Small and medium enterprises (SMEs) are crucial to South Africa’s growth, but many of them fail in the first year of business, says Innovative Accounting Solutions director Stefani du Preez.

According to the Global Entrepreneurship Monitor (GEM) 2015, SMEs contribute 36% to South Africa’s GDP, but starting a new business in not an easy task, especially in a country which has a World Bank ‘Starting a Business’ rating of 131 out of 190.

“Starting a new business can be an exhilarating experience, but it requires careful planning and the ability to keep several balls in the air simultaneously. Understanding some of the common pitfalls small business owners encounter along the way can help new them succeed where others have not.”


Understanding the broader business context

Local and global economies are in a constant state of flux. Services and products that are in high demand today might become redundant tomorrow. Pricing can change at the drop of a hat. Anyone looking to start a new business needs to know what the economy is doing, both locally and globally.

Du Preez, says many start-ups operate in a silo. “Start-ups can be so caught up in the day to day running of their businesses that they take their eyes off the bigger picture. This can be devastating for a small business, particularly those operating in volatile markets. It can also lead to missed opportunities.”

Subscribing to industry newsletters and business publications (online or otherwise) is one way to remain in the know, while networking at industry or business events is another. “New business owners are often so busy that it is hard to find the time to attend a conference or read the newspaper, but not doing so could result in a fatal blow for the business,” adds du Preez.

Next, business owners need to pay attention to what is happening in the business. “It is important to try and create a balance between all tasks, maybe outsourcing some of the administrative tasks to so that they can focus on growing the business,” says du Preez.


Planning and managing finances

A common mistake made by new business owners is to get caught up in the excitement of starting a new operation and not put enough effort into planning and managing their finances properly.

Du Preez says small businesses are often started with limited funds. “If these are not managed properly, the business can encounter problems such as not being able to make repayments or pay employees on time.”

She says small business owners would do well to outsource their financial function to experts. “By getting financial specialists to help with the finances, including budgeting, cash-flow planning and monthly reporting, business owners can spend more time on keeping their customers happy and following up on new business leads.”

Du Preez says managing cash flow is one of the greatest challenges experienced by first-time business owners. “I have witnessed several new business owners rush to buy themselves an expensive new vehicle with the funding they receive for their businesses.

“If they had enlisted the services a financially responsible person to advise them on the prudent use of their funding from the outset, they would have avoided this type of mistake.”


Getting to grips with the regulatory environment

Du Preez says people looking to start their own businesses can encounter hurdles when trying to obtain the necessary permits and licences from government. “While government has tried to enhance new business development in South Africa, there are still areas where bureaucratic requirements can be onerous. Potential new business owners need to be cognisant of this and build contingency measures into their business plans.”

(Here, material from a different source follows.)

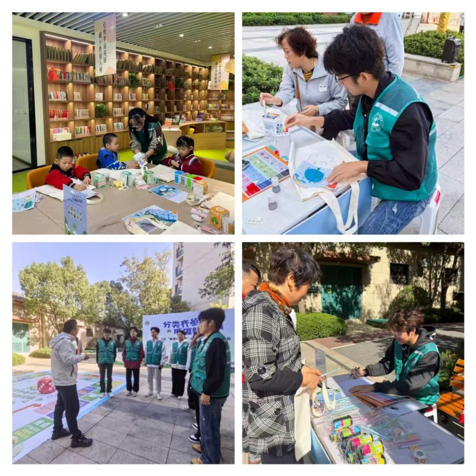 活动现场气氛热烈,众多居民热情参与。志愿者们身着统一服装,以饱满的热情和耐心的态度服务于活动现场,向居民生动形象地讲解垃圾分类的重要意义和具体方法。在协会成员的帮助下,“垃圾分类寻宝图”“主理人巡查体验”“垃圾分类飞行棋”“创意手工DIY”等系列活动项目顺利开展,在轻松愉快的游戏过程中,大家不仅收获了创意作品,更在欢声笑语中巩固了垃圾分类和环保知识。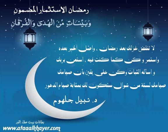 رمضان الاستثمار المضمون (30) {وَبَيِّنَاتٍ مِّنَ الْهُدَىظ° وَالْفُرْقَانِ} من:الأخ الأستاذ / نبيل جلهوم عضو جمعية الكُتَّاب ببيت عطاء الخير عضو إتحاد الكتّاب و المثقفين العرب - مصر عضو رابطة أدباء الشام – لندن عضو الإتحاد العالمى للشعراء والمبدعين العرب عضو إتحاد المدربين العرب عضو رابطة الأدب الإسلامى العالمية http://www.ataaalkhayer.com/up/download.php?img=18120 |

Notably, everything may be going well for start-ups in the first months of business until the South African Revenue Services (SARS) comes knocking. “It is really surprising how many business owners relegate tax returns to a list of not-so-important-things-to-do while they focus on getting their operations off the ground. Administration tends to fall behind and suddenly they are faced with a tax bill they had not anticipated.”

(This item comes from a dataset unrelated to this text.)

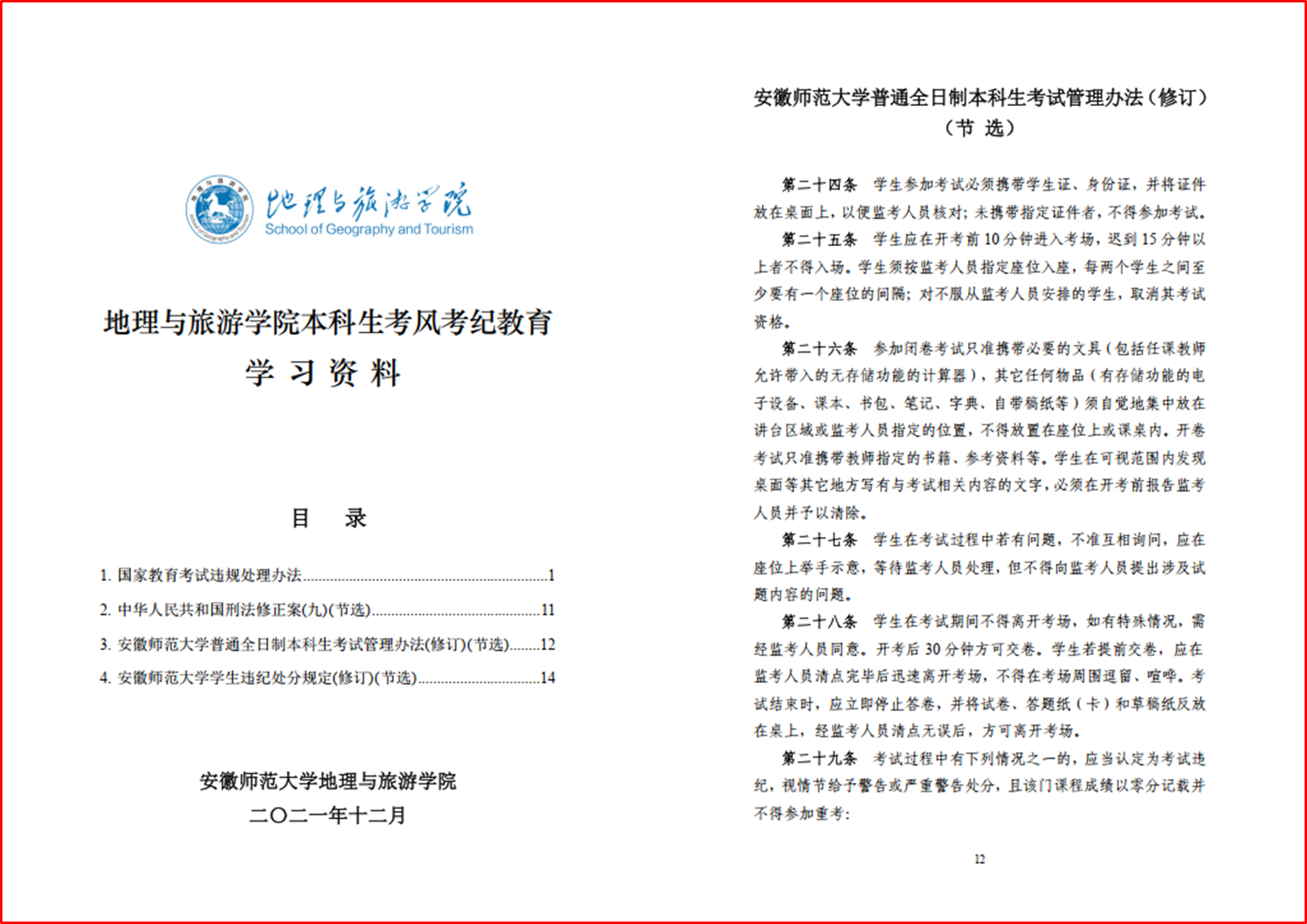 编订学习资料,提升学生诚信考试认识。进一步提高学生对考风考纪相关法律法规的认识和了解,学院编辑整理国家教育考试违规处理办法、国产精品

In addition, many new business owners fail to brush up on the country’s labour laws. “South Africa’s labour laws make it difficult to lay people off if they are not performing or the business can no longer afford them. If business owners make the mistake of dismissing a staff member unfairly, they could be confronted with a CCMA hearing and having to pay several months’ worth of salaries,” notes du Preez.


Setting the business apart

SMEs tend of operate in highly competitive environments, so setting themselves apart is a priority.

Du Preez says when several businesses offer the same service or product, it is important to stand out in the crowd. “Businesses can do this by identifying and leveraging their unique selling points.

“It may seem like a given, but the importance of being attentive to customers and providing good service cannot be stressed enough. Becoming complacent can be the death-knell for a business operating in a fiercely competitive milieu.

“It is especially important to pay attention to repeat customers. They are the ones keeping the business going and it is important for start-ups to nurture their relationships with them,” concludes du Preez.